Fulfilling her dreams: how a girl survives rape

Mike Saycon
Phaeo* learns how to create fashion accessories and sew clothes
UNICEF Laos/2018/Mike Saycon

06 December 2018

Between her counselling sessions at a shelter for abused women and girls, Phaeo* learns how to create fashion accessories and sew clothes as part of her vocational training. After living for three years in the centre, she is ready for an independent life to raise her son Ngon.

Phaeo* is excited to start her fashion and retail business. She beams with such positive energy when talking about it, and admits she also wants her three-year-old son Ngon* to grow up to be a businessman. The boy disagrees and insists, “I want to be a pilot!” The room fills with laughter.

But it was not always a walk in the park for Phaeo. Barely into her teens, she was repeatedly raped for over a year by her stepfather – who threatened her so that she would not tell anyone – and got pregnant. She did not have the courage to tell anyone, even her mother; until their neighbours began to notice some changes in her body, which prompted her to admit to what happened.

Child victims and survivors of abuse, violence and trafficking at the centre
UNICEF Laos/2018/Mike Saycon
Child victims and survivors of abuse, violence and trafficking at the centre.

Without knowing much of what his mother has gone through, Ngon takes part in the debriefing and group activities of child victims and survivors of abuse, violence and trafficking at the centre – where he “feels at home” with the friends he has grown up with.

Word got around quickly and she became the subject of ridicule in their Hmong community. Their village chief cast her out saying it was against their culture.

Without speaking a word of Lao, pregnant Phaeo then sought refuge at the Lao Women’s Union – who sent her to a hospital to deliver her son Ngon. Soon after, she was admitted to a shelter for abused women and children, where she received the legal assistance she needed to prosecute her stepfather.
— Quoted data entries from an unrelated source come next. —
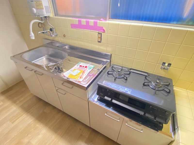セクショナルキッチン設置、キッチン換気扇交換、浴室シャワー水栓交換、洗面台交換、シャワートイレ交換等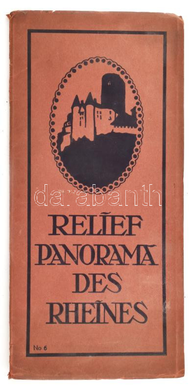 cca 1920-1940 Relief-Panorama des Rheines, dekoratív, színes, kihajtható grafikus panorámakép a Rajna Köln-Mainz szakaszáról, kisebb szakadással, 174x25 cm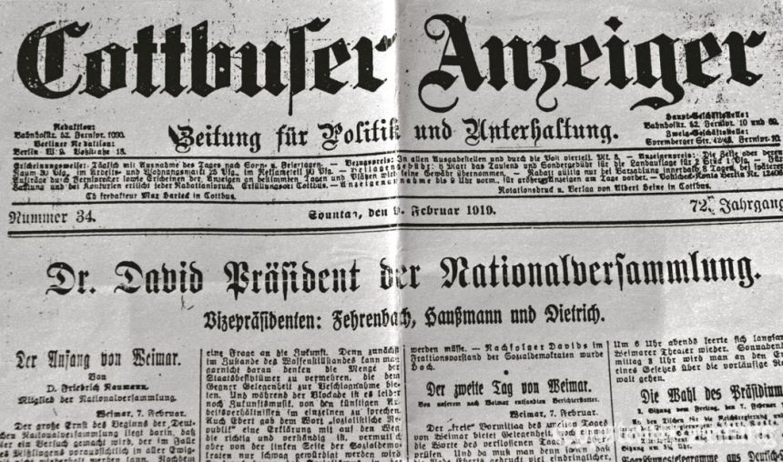 Der Cottbuser Anzeiger von Günter Senkels Geburtstag am 9. Februar 1919 ist ein Zeitdokument vom Beginn der Weimarer Republik.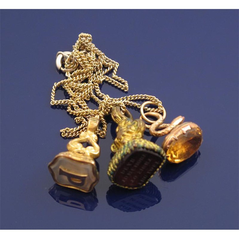 A citrine mounted snake fob seal with two other small fob seals and a fine link neck chain.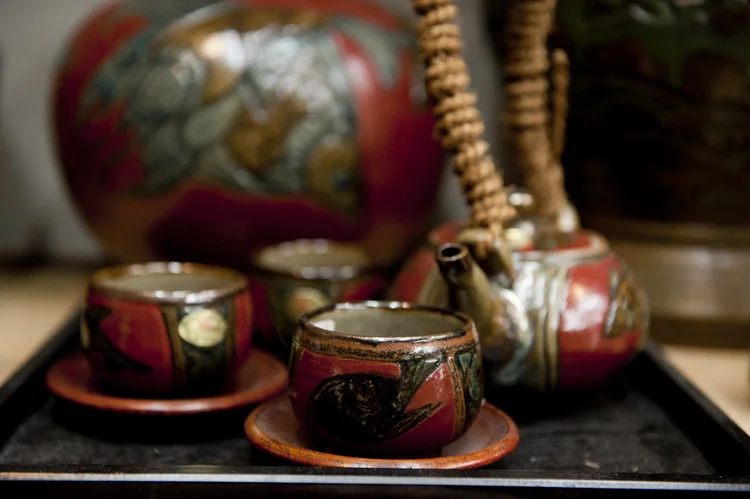 小橋川清正陶器店雨上がりの赤瓦の色に魅せられ、赤色を研究。2000年のG8沖縄サミット「首里城首脳晩餐会」にて窯主:小橋川清正作、練込み皿が使用され、記念の品として各国首脳に贈られました。息子二人「卓史・明史」ともに壺屋焼の陶工として頑張っています。どうぞお越し下さい。電話098-863-4771営業時間09:00 ~ 18:00休業日不定休駐車場あり住所壷屋1-22-29 GoogleMap お店紹介へ戻る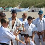 Highlights of the Summer Camp were the annual grading with 24 examinees, the night training at the beach including a final session in the Baltic Sea with all 110 karatekas practising kicks and punches together while standing in the pretty cold water of the Baltic Sea – and not to forget the Sayonara Party with barbecue, singing and dancing at the last evening.
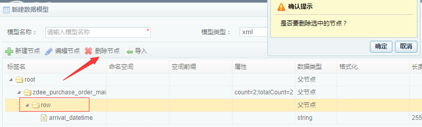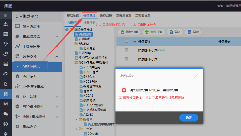 **第四步:**选择左边树节点,点击【删除】按钮,如果当前节点没有关联任务,也没有子节点,则删除当前节点,否则给予错误提示,如图2。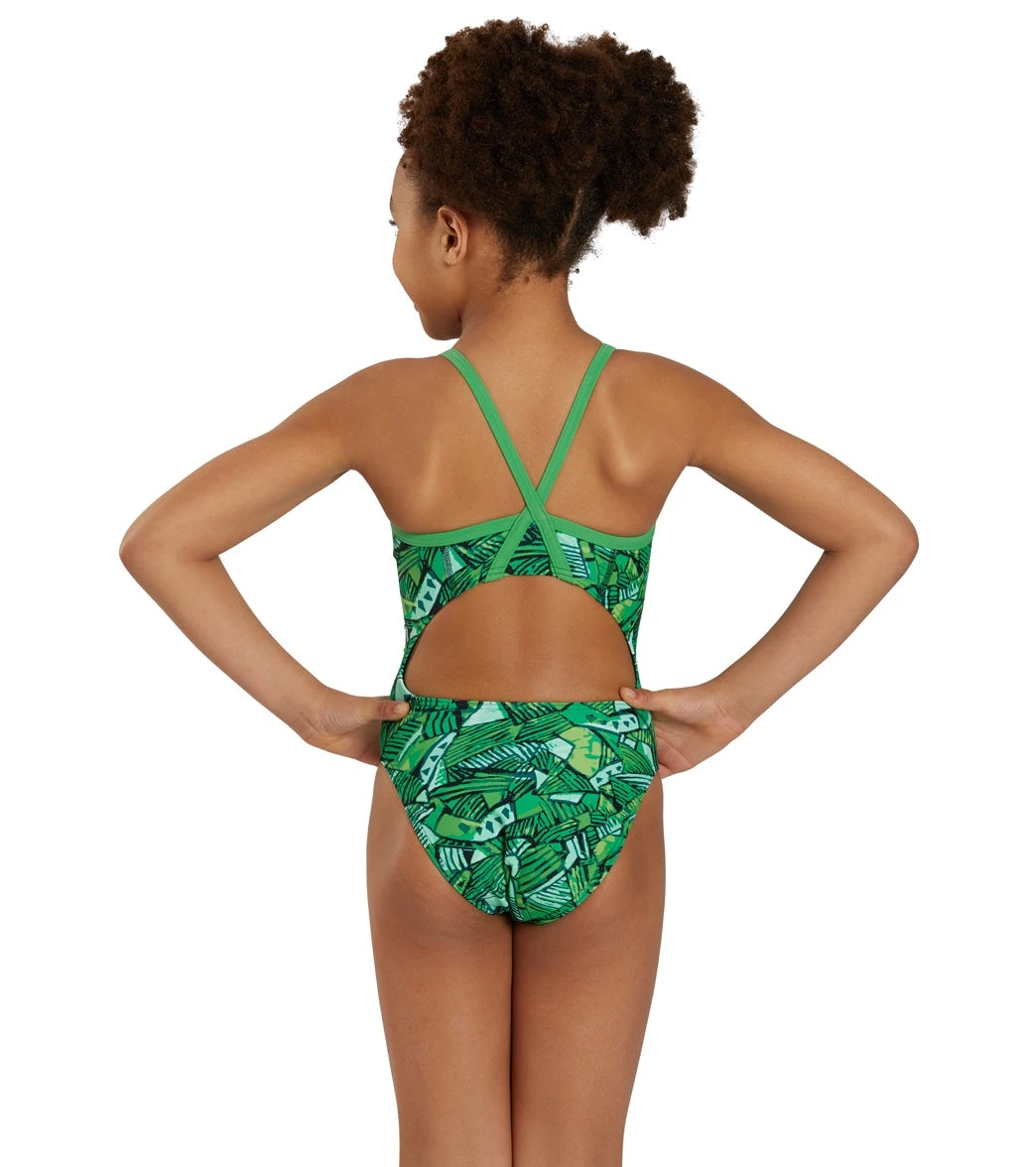Dive into practice with a new style in the Sporti Tribal Graffiti Thin Strap One Piece Swimsuit Youth (22 – 28), featuring a vibrant print and a Lycra Xtra Life construction for superior performance and a lasting fit.

She now receives medical, legal and psychological counselling as part of her rehabilitation. Her basic needs including health care are covered and she benefits from vocational training to become an entrepreneur. “I have since been healing the scars of that not-so-distant past. I am very comfortable here, and I feel like I have a family whose members take care of each other,” Phaeo says of her three-year stay at the shelter with a smile.
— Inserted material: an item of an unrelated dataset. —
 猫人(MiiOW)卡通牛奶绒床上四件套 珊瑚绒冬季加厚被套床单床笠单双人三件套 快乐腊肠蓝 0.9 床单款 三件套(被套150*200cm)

“Phaeo has been emotionally solid, showing such strength that we are convinced she can be released soon,” social worker Vannaly says. She adds Phaeo has completed all the modules of the vocational training course. Her dedication resulted in a sterling performance – despite not having prior education – and she can now speak Lao fluently. Vannaly is confident Phaeo is ready.

“I will live my life fully and raise my son well – because that’s something I missed as a child,” Phaeo says. The little boy, who barely has any idea of what his mother has gone through, attends kindergarten in a nearby school. He likes wearing superhero clothes – complete with cape and mask. He also actively joins the girls’ drawing and learning sessions at the shelter.
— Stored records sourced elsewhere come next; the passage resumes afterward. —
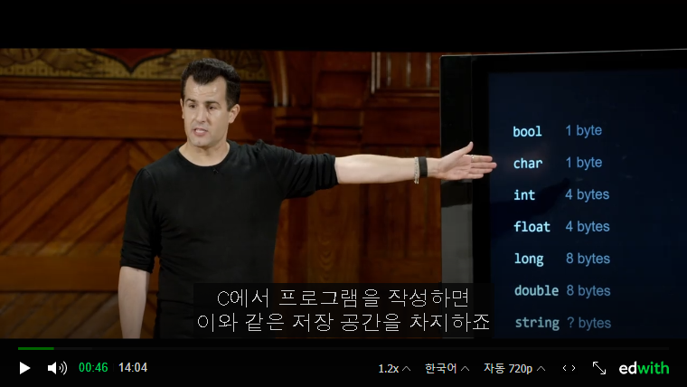 C언어에서 각 자료형이 차지하는 크기는 아래와 같다.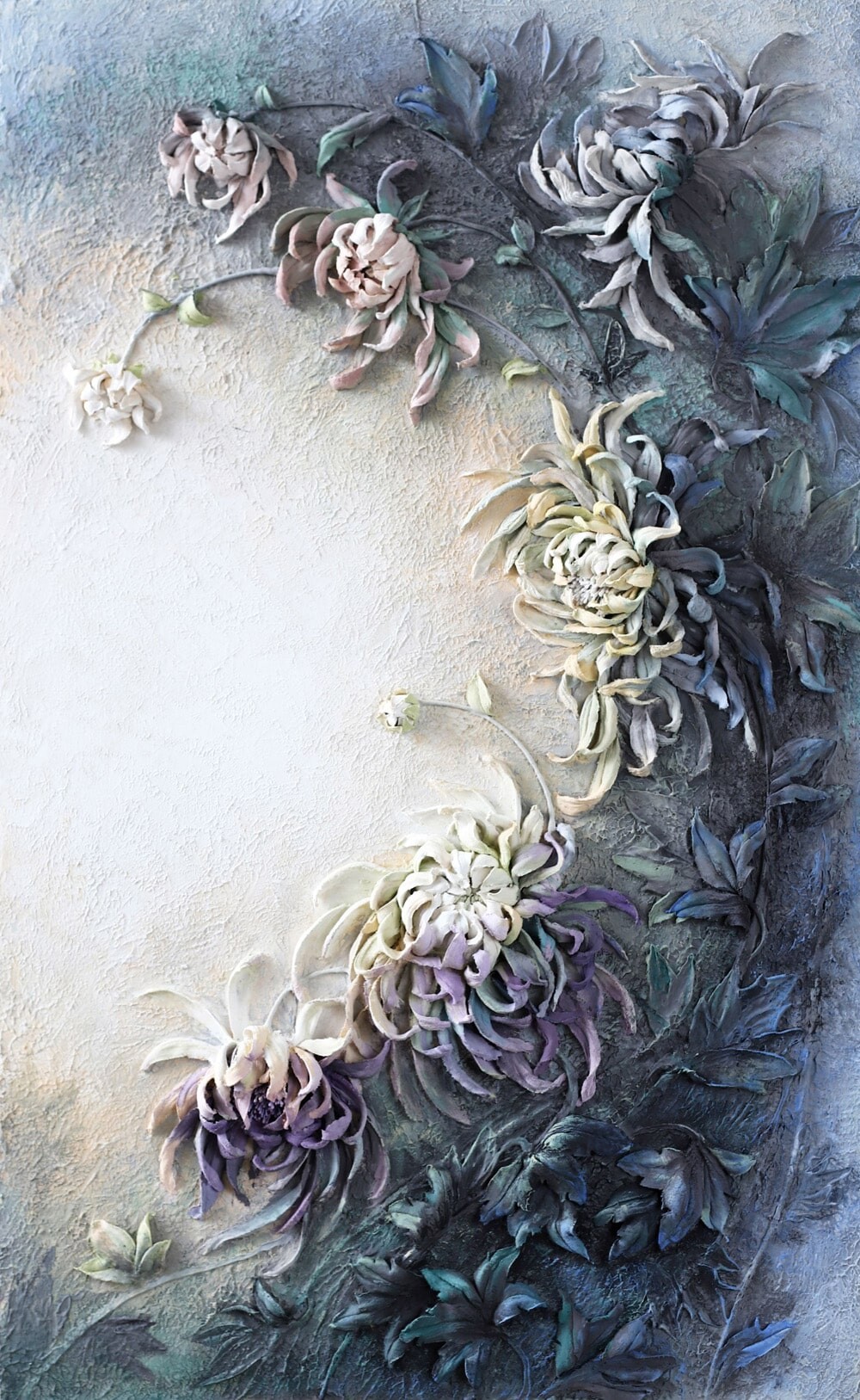 Sculptural painting is an artistic technique for creating three-dimensional images from a special sculptural paste. With this technique, you can easily create magnificent flowers and any other images up to 8 centimeters high! You can use sculptural painting to create paintings and sculptures, elegant interior items such as wall clocks, to decorate accessories such as handbags or jewelry. Confectioners can use sculptural painting to decorate cakes if they use icing or a special cream, the recipe of which we give in the course.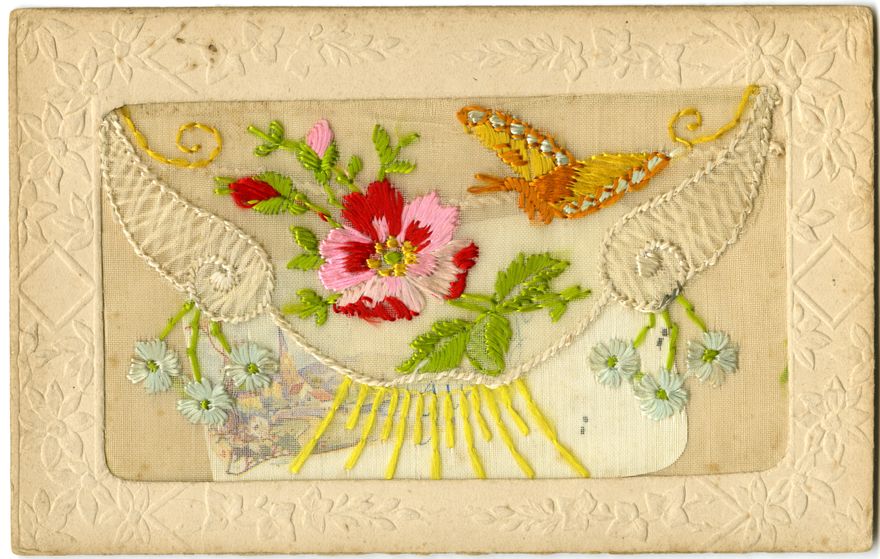 The postcards in this series are all hand-embroidered, some of them have writing on the reverse, while others contain smaller decorated cards in the silk pouch on the front.

Phaeo is very open to social workers handling her case, whenever they visit her at the shelter where she and her son are hosted.
UNICEF Laos/2018/Mike Saycon
Phaeo is very open to social workers handling her case, whenever they visit her at the shelter where she and her son are hosted.

Phaeo is very open to social workers handling her case, whenever they visit her at the shelter where she and her son are hosted. Here she shares a light moment with Vannaly, a social worker, talking about her plans to create her own tailoring and retail shop as soon as she is released. 

Vannaly says the shelter’s management is now looking for the resources to provide Phaeo with seed funds for her to start her business in her home province – opening her own tailoring shop.

“But I will not return to my home town. I want to set up my shop in another city that’s still close to my mother, but not in the same town,” Phaeo says.

After officials of the Lao Women’s Union sent police and social workers to explain to the village chief the circumstances of what happened to Phaeo, he and his neighbours changed their minds and are now ready to welcome her back.

But Phaeo is determined to make her own mark – away from where it all started for her. “I want to make a life of my own, raise my son well, and help provide for my mother and younger brothers’ education,” Phaeo says. She does not know how old she is exactly, as she was only registered in the traditional Family Book, but she acknowledges she is still very young to already be a mother.

Ngon wants to be a pilot someday.
UNICEF Laos/2018/Mike Saycon
Ngon wants to be a pilot someday.

Ngon wants to be a pilot someday, but for now he marvels at the thought of being a superhero. His favourite outfit includes a cape and a mask because, he says, he wants to help those who are oppressed.

Phaeo’s determination to claim the childhood she never had, and make sure her son enjoys his own is inspiring. Phaeo will not be going home to her mother for a long time, but she intends to help them in any way she can. Most importantly, she vows to protect her son Ngon from any abuse. MS

* Names have been changed to protect the privacy of individuals.